Why Security Culture Is Our Best Defense

Here’s where things get interesting, and why I think the most important story this week might be the one getting the least attention. Dark Reading reported on how effective security cultures are shifting toward encouraging CISOs and security teams to “raise their hands unabashedly” when they spot risks.

This cultural shift couldn’t come at a better time. When attackers are exploiting trust relationships and using legitimate tools against us, technical controls alone aren’t enough. We need people who feel empowered to speak up when something seems off, even if they’re not sure.

Think about those interview attacks I mentioned earlier.
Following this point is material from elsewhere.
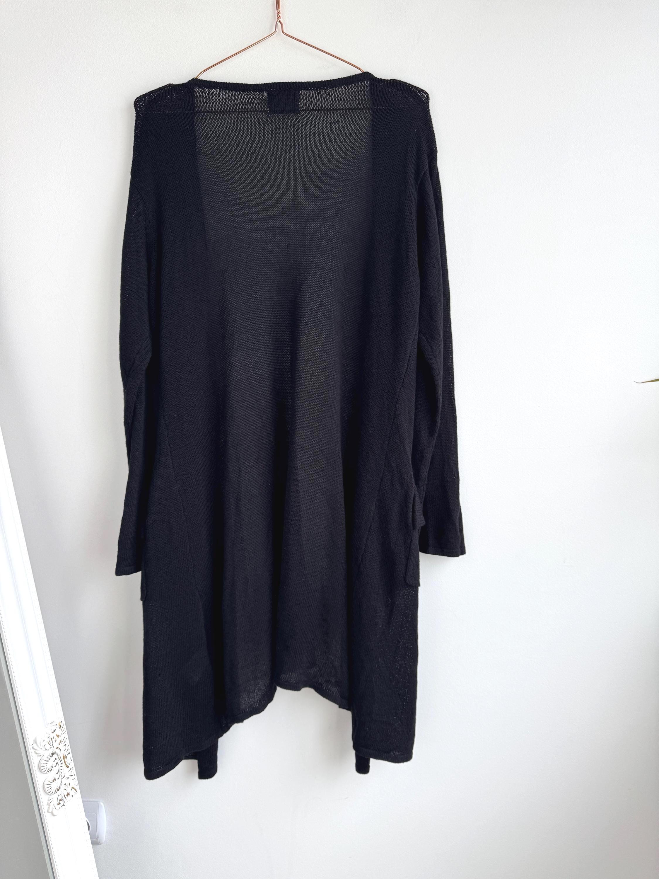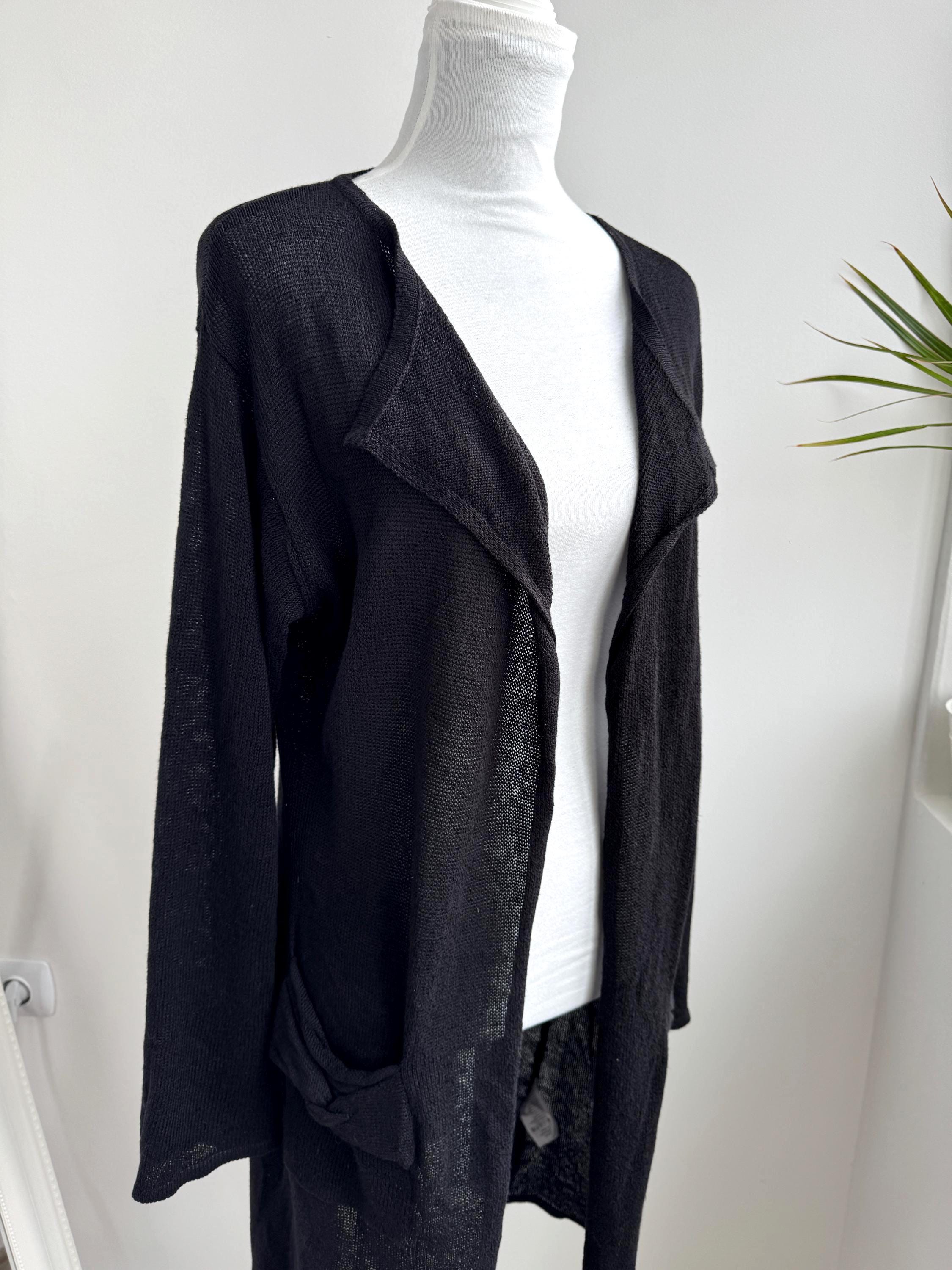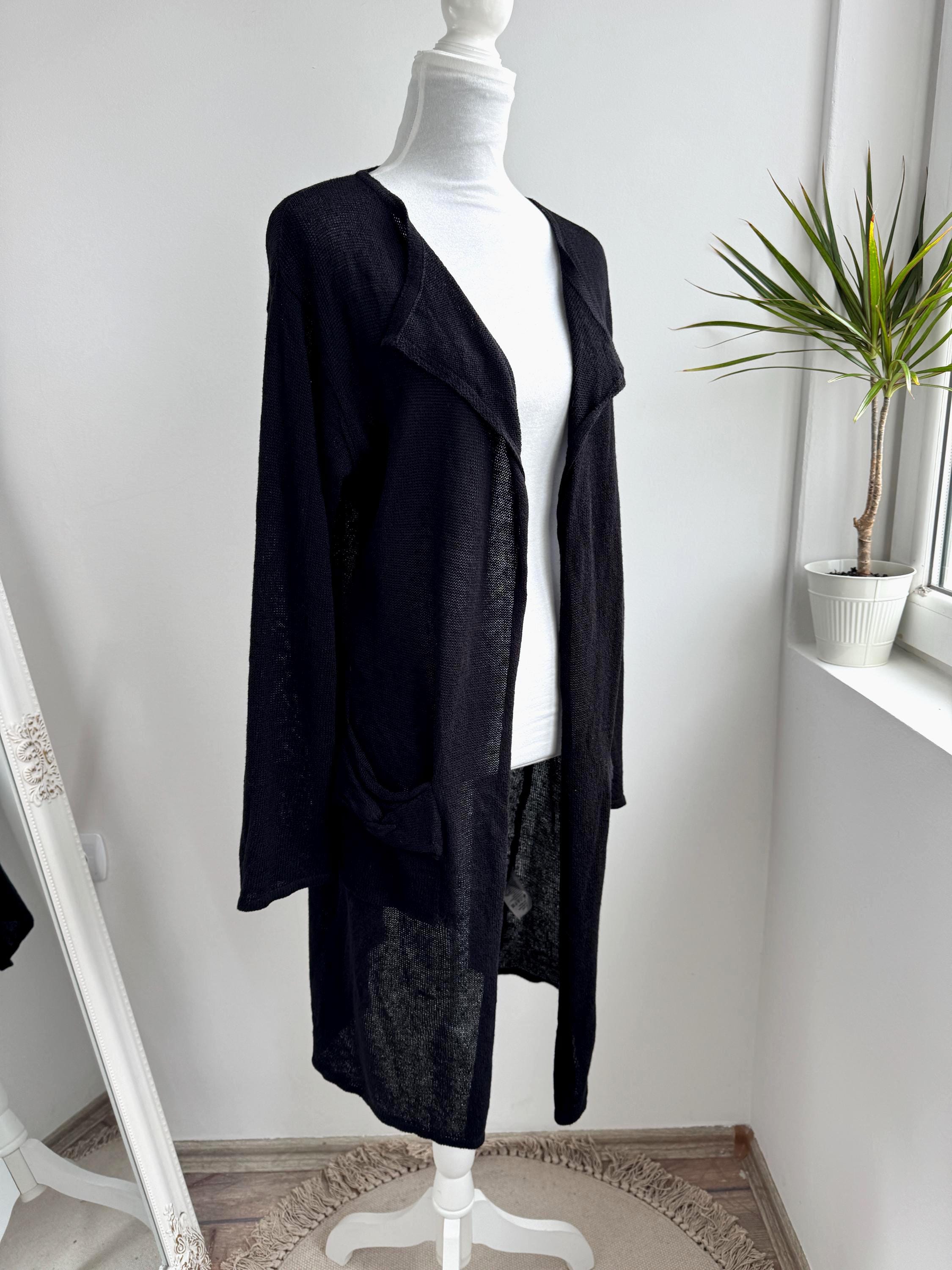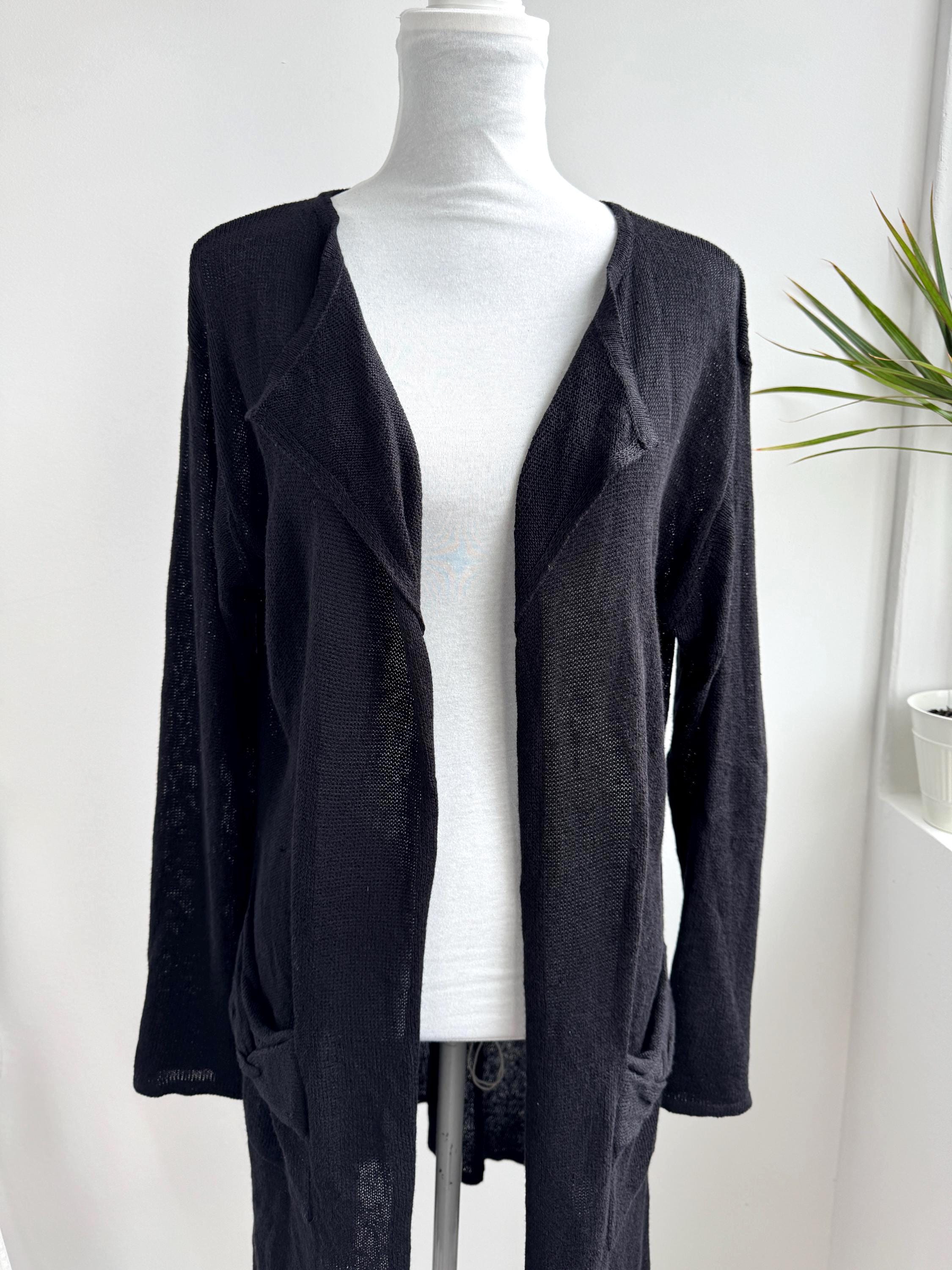 This is a lightweight, fine-knit cardigan with a longline silhouette. It features an open front (no buttons), long sleeves, and front pockets. The fabric has a beautiful natural slub texture characteristic of high-quality linen.

In a healthy security culture, a developer might feel comfortable asking: “Hey, is it normal for an interview process to require repository access like this?” In organizations where people are afraid to look stupid or slow down business processes, that question might never get asked.

The Real Challenge Ahead

What worries me most about these trends is how they target the intersection of technology and human behavior. We can patch CVE-2025-68645, we can update Zoom, and we can implement better endpoint detection. But how do we patch the human tendency to trust?

The answer isn’t to eliminate trust – that would make us ineffective. Instead, we need to build systems and cultures that make verification feel natural rather than paranoid. When someone asks you to clone a repo for an interview, having a process to verify the request should feel as routine as checking the sender’s email address.

We also need to get better at threat modeling scenarios where legitimate tools become attack vectors. If your organization uses RMM software, have you considered what it would look like if an attacker gained access to those credentials? Are there additional controls you could implement that wouldn’t interfere with normal operations?

Moving Forward

The security challenges we’re facing today require us to think beyond traditional perimeters and technical controls. When attackers can use VS Code repositories and LogMeIn installations as delivery mechanisms, we need defenses that account for the human element.

That means building cultures where people feel safe reporting suspicious activity, creating processes that make verification feel natural, and accepting that some of our most trusted tools might also be our biggest risks.

The good news is that we’re starting to have these conversations. The bad news is that attackers are already several steps ahead.